The root idea suggested by the word sankhāra is "making together." The Pali commentators explain that the word allows for both an active and a passive sense. Thus the sankhāras are either factors (or forces) that function together in producing an effect, or they are the things that are produced by a combination of co-operating factors. In his translation of the Visuddhimagga Ven. Nānamoli had rendered sankhāras as "formations," a rendering favoured by many other translators. In his later translation scheme he had experimented with rendering it as "determinations" and had attempted to incorporate that new choice into his manuscript of the Majjhima. In editing the manuscript Ven. Khantipālo chose to return to the translator's earlier and better known "formations," and in this edition I have followed suit.

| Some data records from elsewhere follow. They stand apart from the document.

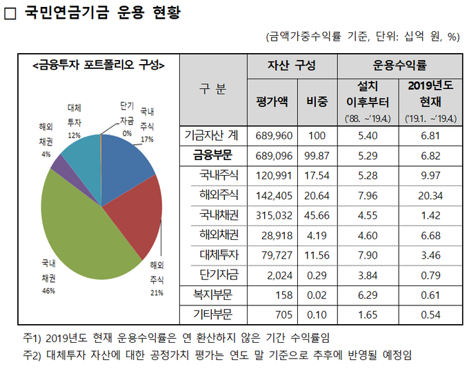 기금운용본부는 "4월까지의 기간 수익률이 6.81%를 기록한 것은 글로벌 경기 둔화 우려에도 불구하고 무역협상 진전 기대 및 미국 금리인상 기조 완화 등으로 국내 및 글로벌 증시가 강세를 보였고 국내 경제지표 부진 등의 영향으로 원·달러 환율이 상승했기 때문"이라고 분석했다.
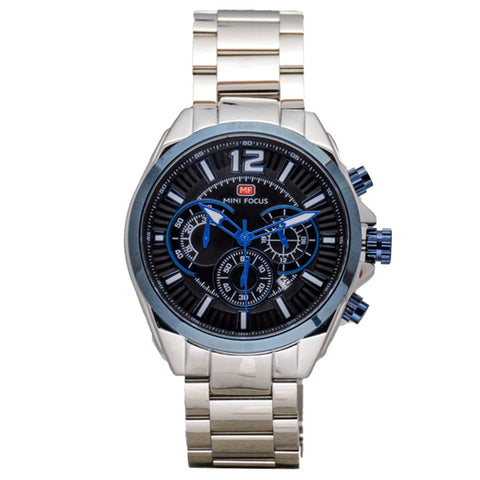 Add to WishlistMini Focus Silver Leather Strap Blue Dial Chronograph Quartz Watch for Gents - MF0104G-02
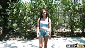 Description: Leana Lovings was a science girl. She was into Biology and Psychology. Usually she would just study all day but today this white van was driving next to her and the guys inside were charming and really fast with words. Also fast with dropping money. All of a sudden she had the chance to make 500 in 2 seconds. Temptation won. She flashed her tits in public. In no time she was in that van getting naked. And as if it was a science experiment that big dick was in her mouth and she was sucking it. Then Tyler Steel fucked her. The van kept moving and bumping so the fucking rhythm was very different from a regular fuck. Plus Tyler knew how to fuck deep and hard. She was screaming in ecstasy. He came in her face. They asked if they could do this more often. She liked that idea. They dropped her off anyway and sped off.
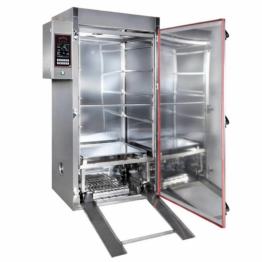 A Beelonia F széria professzionális füstölőberendezései prémium, dupla falú rozsdamentes acél kivitelükkel kiemelkedő hőstabilitást és üzembiztos működést kínálnak. Az F1 – F6-100 modellekig fa gáz vagy elektromos üzemmel egyaránt használhatók, az energiamód pedig a fiókos csererendszernek köszönhetően körülbelül 30 másodperc alatt váltható. A berendezések széles technológiai tartományt fednek le a forró füstöléstől a lassú barbecue eljárásokon át egészen a hidegfüstölésig, állandó és megbízható eredménnyel.

Though this word has the disadvantage of accentuating the passive aspect of sankhāras, it avoids the problems into which "determinations" runs and seems colourless enough to take on the meaning determined by the context.
The word sankhāra occurs in four major contexts in the Pali suttas: (1) As the second factor in the formula of dependent origination it is used to mean volitional actions, suggesting their active role of generating results in the process of rebirth. (2) As the fourth of the five aggregates the sankhāras comprise all the mental factors not included in the other three mental aggregates; this group is probably assigned the name sankhārakkhandha after its chief member, volition (cetanā), which is responsible for forming all the other aggregates. (3) Sankhāra is also used in a very comprehensive sense to signify everything produced by conditions. In this sense it comprises all five aggregates (as at MN 35.4 and MN 115.12). Here the word bears the passive sense, being explained by the commentators as sankhatasankhārā, "formations consisting in the conditioned." This usage comes close in meaning to the ontological use of dhamma, except that the latter is wider in range since it includes the unconditioned element Nibbāna and concepts (paññatti), both of which are excluded from sankhāra. (4) In still another context the word sankhāra is used in relation to kāya, vacī, and citta - body, speech, and mind - to mean the bodily formation, which is in-and-out breathing; the verbal formation, which is applied thought and sustained thought; and the mental formation, which is perception and feeling. The first and third are things that are dependent respectively upon the body and the mind, the second the things that activate speech. This triad is discussed at MN 44.13-15.
Sankhāra is also employed outside these major contexts, and in one such case Ven. Nānamoli's sense of "determination" has been retained. This is where it occurs in the compound padhānasankhāra, which has been rendered "determined striving" (as at MN 16.26). The rare and involved idiom, sankhāram padahati, has similarly been rendered "he strives with determination" (MN 101.23). In another case (MN 120), following the commentarial gloss, sankhāra is rendered "aspiration."